RAW DATA
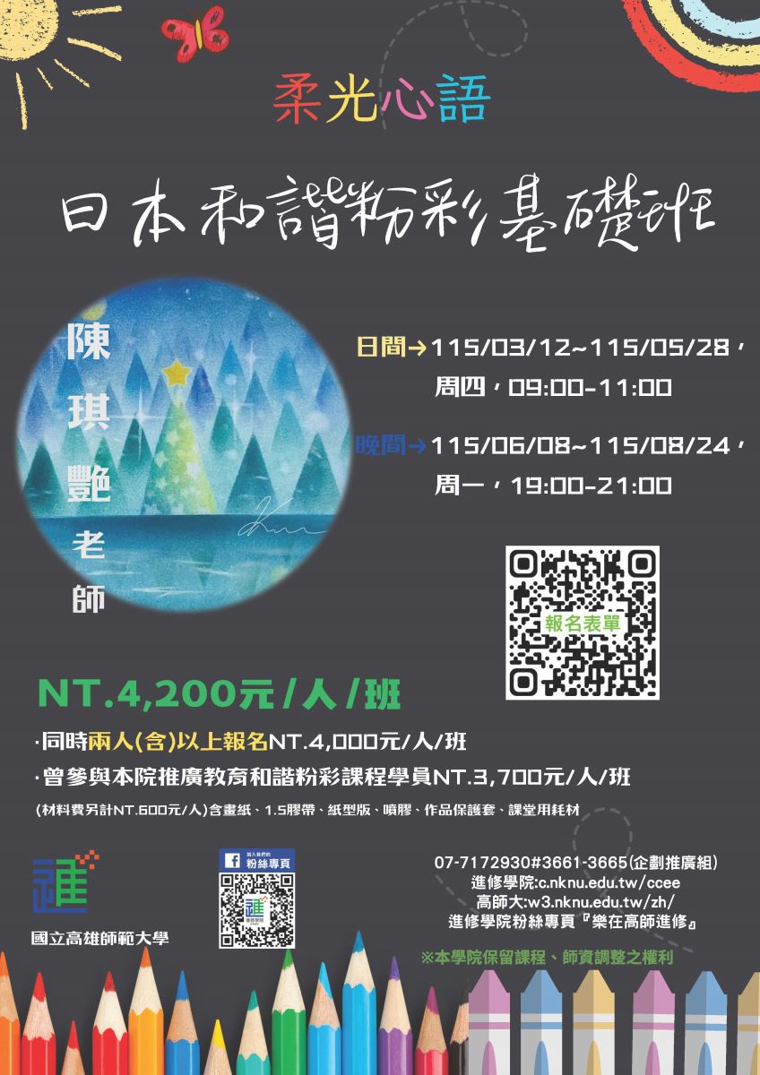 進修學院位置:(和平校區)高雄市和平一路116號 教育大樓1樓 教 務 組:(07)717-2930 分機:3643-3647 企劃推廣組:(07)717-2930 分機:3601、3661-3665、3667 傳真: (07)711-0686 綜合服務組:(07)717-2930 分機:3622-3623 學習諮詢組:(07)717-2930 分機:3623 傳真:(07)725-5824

---

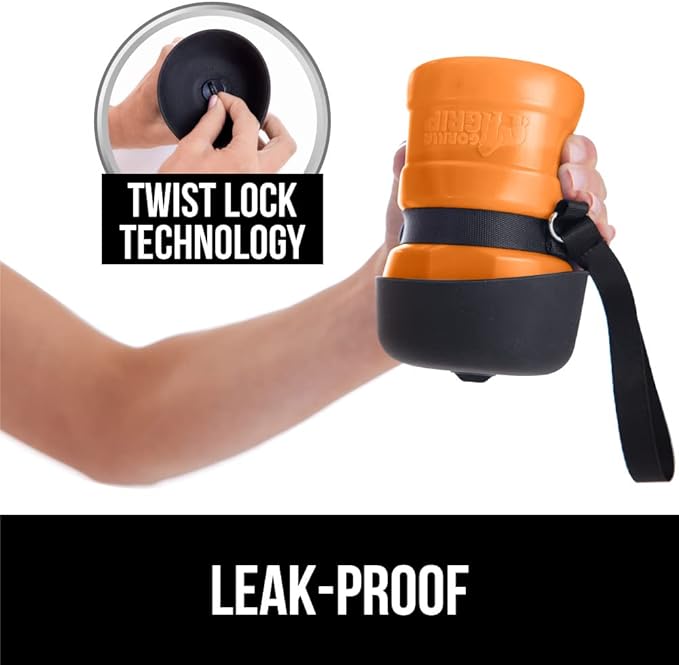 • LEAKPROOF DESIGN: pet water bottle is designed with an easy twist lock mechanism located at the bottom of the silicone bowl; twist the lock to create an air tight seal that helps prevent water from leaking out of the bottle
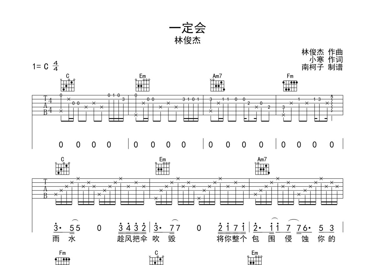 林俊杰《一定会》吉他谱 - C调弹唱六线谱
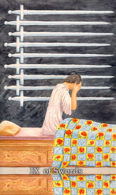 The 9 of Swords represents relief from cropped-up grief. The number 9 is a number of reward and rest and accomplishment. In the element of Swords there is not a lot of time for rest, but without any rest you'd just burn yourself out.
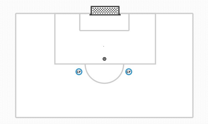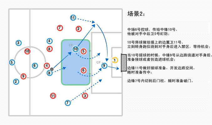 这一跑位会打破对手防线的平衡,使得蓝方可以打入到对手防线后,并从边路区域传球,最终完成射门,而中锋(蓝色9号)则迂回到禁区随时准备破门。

EXERCISE DIRECTIONS
Starting at the line above that holds "The 9 of Swords", return each line up to and including the one that holds "这一跑位会打破对手防线的平衡", exactly as written, minus any pictures.

EXERCISE OUTPUT
 The 9 of Swords represents relief from cropped-up grief. The number 9 is a number of reward and rest and accomplishment. In the element of Swords there is not a lot of time for rest, but without any rest you'd just burn yourself out.
 这一跑位会打破对手防线的平衡,使得蓝方可以打入到对手防线后,并从边路区域传球,最终完成射门,而中锋(蓝色9号)则迂回到禁区随时准备破门。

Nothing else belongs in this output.